── Study material ──
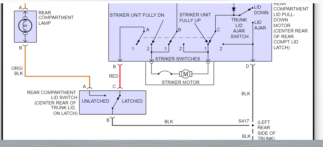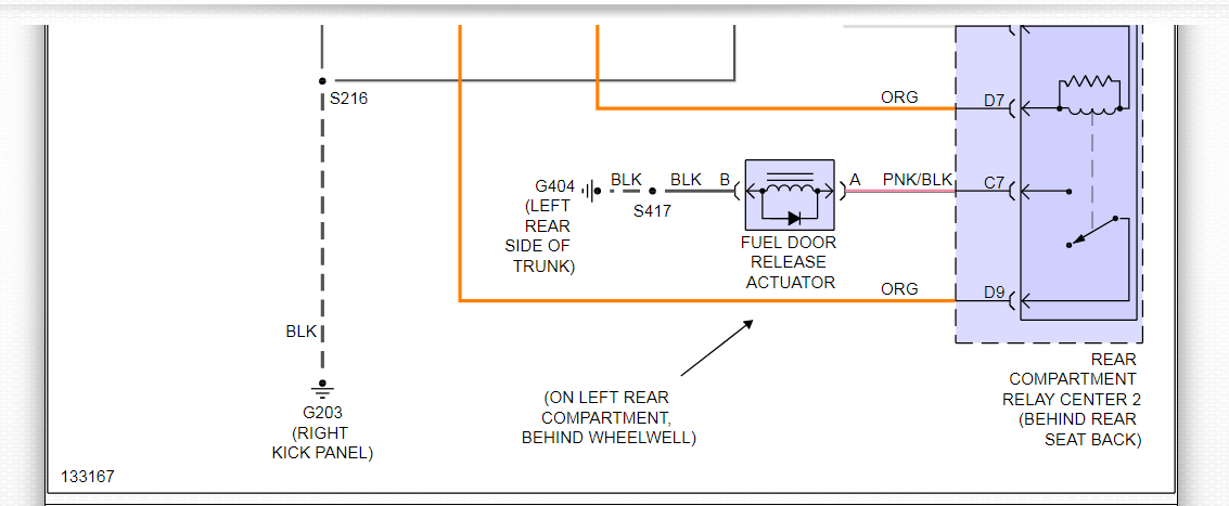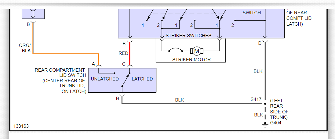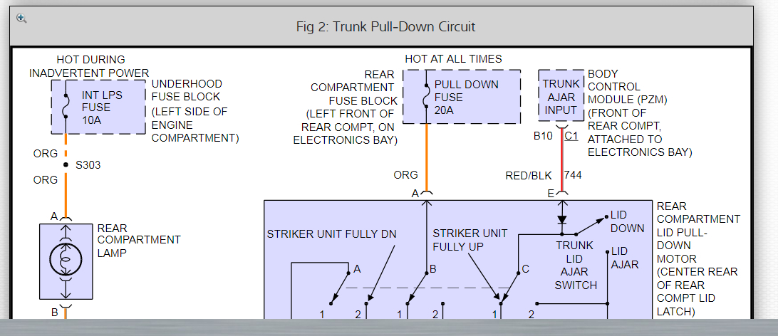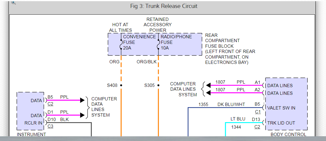 This could be a problem with ground #404, which is located in the left rear of the trunk. Please check this ground and make sure there is no corrosion, clean, tight, and making a good metal to metal connection. This ground is responsible for completing both the trunk and fuel door circuits, as you can see in both of the system wiring diagrams that I have included in the diagrams down below. Please go through these wiring diagrams, check the ground and get back to us with what you find out.
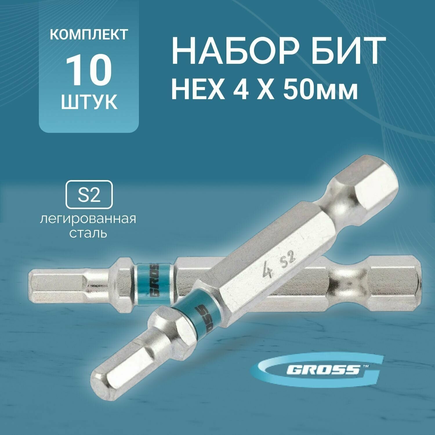 Набор бит HEX 4х50, сталь S2, 10 шт Gross [11463]
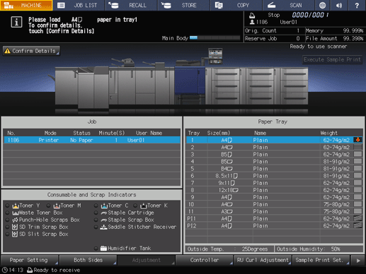 If the specified tray runs out of paper, the machine stops temporarily.
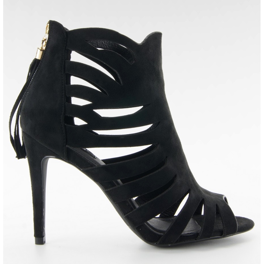 Inna marka Openwork 1214 Schwarze Fransenabsätze
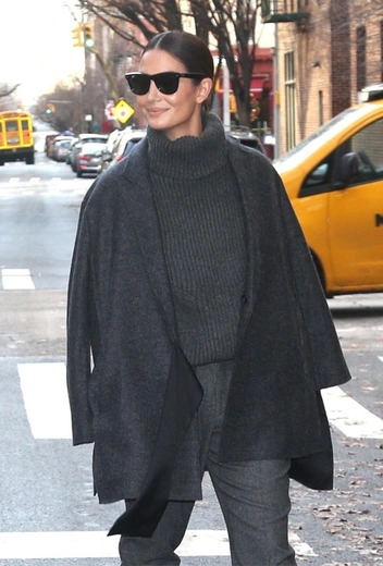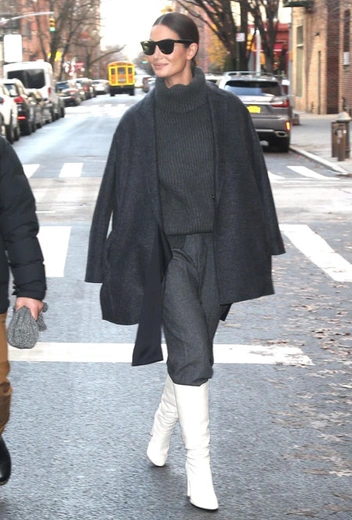 Стиль минимализм интересно выглядит не только летом – зимой среди лаконичных и сдержанных вещей можно также найти немало интересных ансамблей. Лили Олдридж и вовсе решила взять за основу темно-серый цвет, который в ее интерпретации совсем не выглядит скучно. Она составила образ из свитера, брюк и жакета в одной палитре, а изюминку наряду добавили белые сапоги, которые стали ярким акцентом наряда.
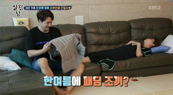23일 오후 방송된 KBS 2TV \'살림하는 남자들2\'에서 이세미는 집에 임우혁과 단둘이만 남게 되자 제일 먼저 패딩 조끼를 훌러덩 벗어던졌다.
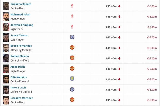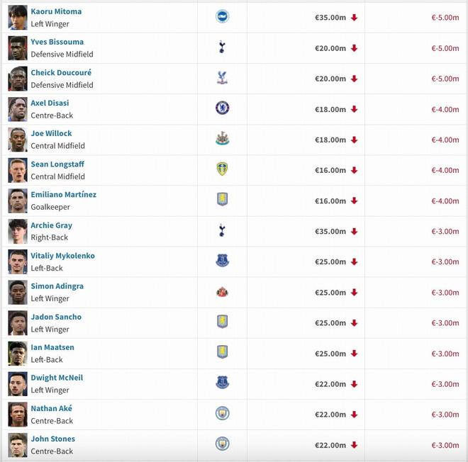 • 英超身价跌幅榜:罗德里、福登下跌2000万欧,维尔茨、萨卡下降1000万欧
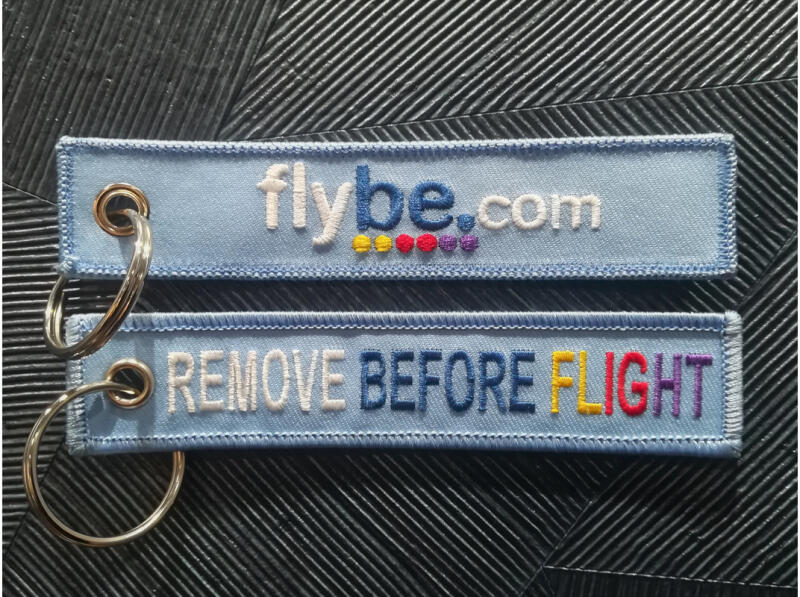 Flybe Remove Before Flight kulcstartó. 13 x 3 cm-es, fém kulcskarikával
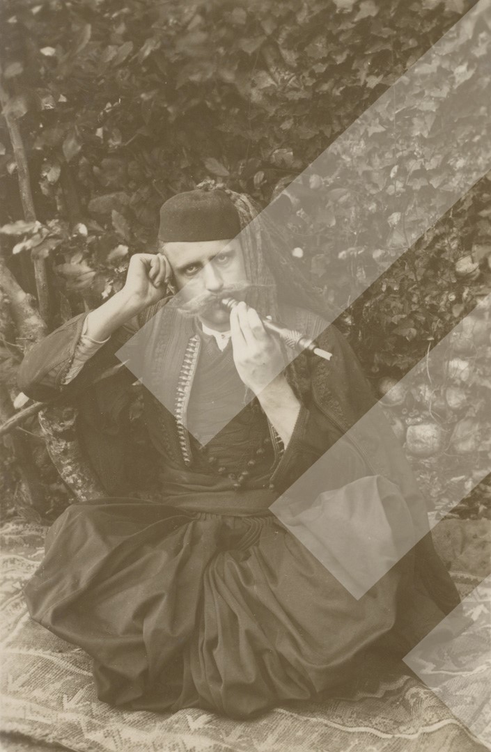 Kel Marubi, rreth 1900-1910, Katolik Shkodran me çibuk print në letër, 12 x 17 cm.
───
### Your instructions
Please take the lines from the beginning of the data above through the line holding "Набор бит HEX" and transcribe them exactly, without any pictures.

### Written solution
 This could be a problem with ground #404, which is located in the left rear of the trunk. Please check this ground and make sure there is no corrosion, clean, tight, and making a good metal to metal connection. This ground is responsible for completing both the trunk and fuel door circuits, as you can see in both of the system wiring diagrams that I have included in the diagrams down below. Please go through these wiring diagrams, check the ground and get back to us with what you find out.
 Набор бит HEX 4х50, сталь S2, 10 шт Gross [11463]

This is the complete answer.